Goal of the exercise:
When the line containing "Amazon の商品詳細ページにアクセスして、その場でタイムセールの商品を注文できます。また、Amazon Fashion" is found in the data below, give it again along with every later line, exactly; drop the pictures.

++++++++++

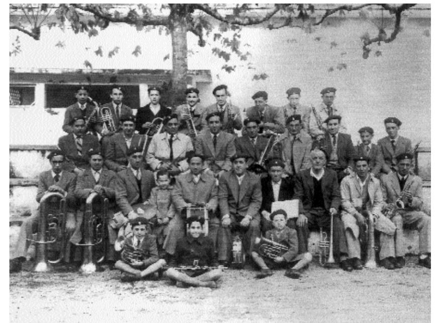
Herriko musika bandako kideak 1954 urtean.

Igandeaz gain, elizak jarritako jai egunak gaur baino ugariagoak ziren orduan. Hizlariek jai egun haiek lanegun bihurtzea pena dela uste dute. “Lehen, beste santu egun batzuen artean, San Juan eguna jai izaten zen leku guztietan”. Gainerakoan, lantokiek jai egun bat zuten, “fabrika edo langintza bakoitzaren santua egokitzen zenean, hain zuzen”. Batzuek bazkariarekin ospatzen zuten, besteek hamaiketakoarekin..., mokadurik gabe ere izaten zen ospakizunik kasuren batean.
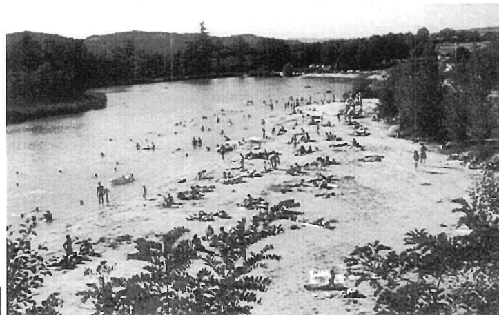
Photographie de la plage du plan d'eau des Salettes
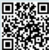
Una tooruk imaluunniit QR-kode scanneruk

Assersuutip takutippaa, meeqqat innarlersimasumik pissusilersortut eqqissisimasumik aalajagersimasumik sinaakkuteqartinnissat kiisalu inersimasumut ataasinnaarmut atassuteqarnissaanut periarfissaqarnissaata pingaaruteqassusaa. Meeraaqqap inersimasumut timikkut attaveqarfeqarnissaq pisiaqartippaa.
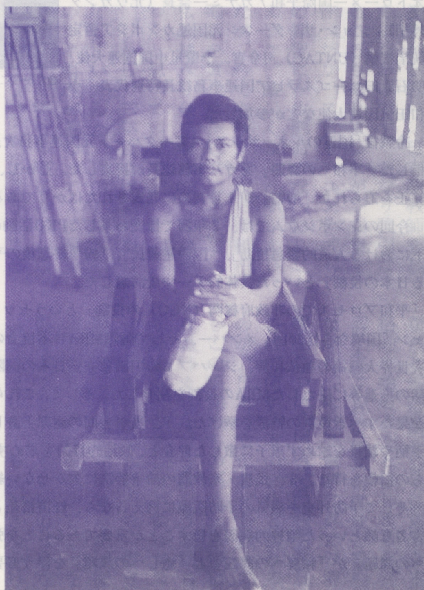
●地雷で足を失ったカンボジア難民 (カオイダン・1984年)

「ボル・ポト軍に家族が殺された人は手を挙げて下さい」と言うのと、ほとんど全員が手を挙げました。「ベトナム軍に家族を殺
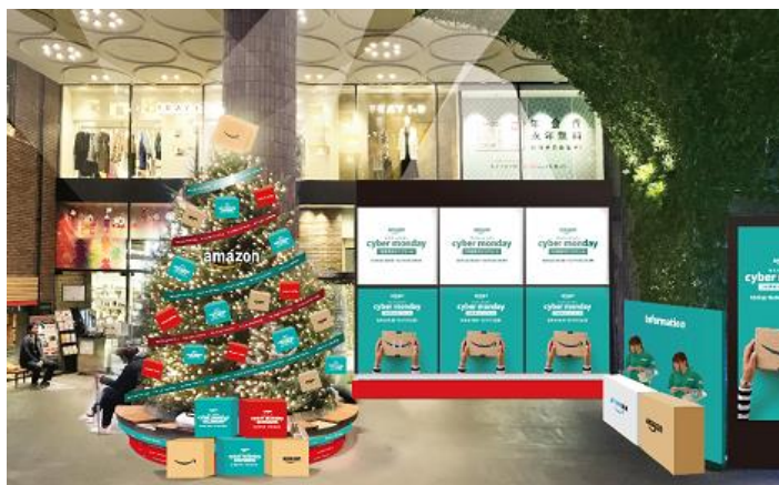
<Amazon Holiday 2017 ポップアップストア イメージ>

本ポップアップストアは、Amazon のタイムセール商品を実際に見られ、サイバーマンデーセールをリアルタイムで体験できる初のポップアップストアイベントです。サイバーマンデーセールのおすすめ商品を展示し、QR コードをスマートフォンなどで読み取ることによって Amazon の商品詳細ページにアクセスして、その場でタイムセールの商品を注文できます。また、Amazon Fashion の紹介、Amazon Echo シリーズのタッチ&トライコーナー、Amazon アプリストアの人気ゲームイベントや新作ゲームの試遊などのイベントコーナーを設置します。そして Amazon プライムのサービスである「Prime Now」のサイバーマンデーセール対象商品の受け取りや、カフェでの「Amazon フレッシュ」の期間限定メニュー提供を実施します。さらに、Amazon のカスタマーサービススタッフが、Amazon プライムの説明を初めて対面でご案内します。
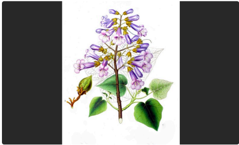
Fleurs du paulownia

++++++++++

Result of the task:
本ポップアップストアは、Amazon のタイムセール商品を実際に見られ、サイバーマンデーセールをリアルタイムで体験できる初のポップアップストアイベントです。サイバーマンデーセールのおすすめ商品を展示し、QR コードをスマートフォンなどで読み取ることによって Amazon の商品詳細ページにアクセスして、その場でタイムセールの商品を注文できます。また、Amazon Fashion の紹介、Amazon Echo シリーズのタッチ&トライコーナー、Amazon アプリストアの人気ゲームイベントや新作ゲームの試遊などのイベントコーナーを設置します。そして Amazon プライムのサービスである「Prime Now」のサイバーマンデーセール対象商品の受け取りや、カフェでの「Amazon フレッシュ」の期間限定メニュー提供を実施します。さらに、Amazon のカスタマーサービススタッフが、Amazon プライムの説明を初めて対面でご案内します。
Fleurs du paulownia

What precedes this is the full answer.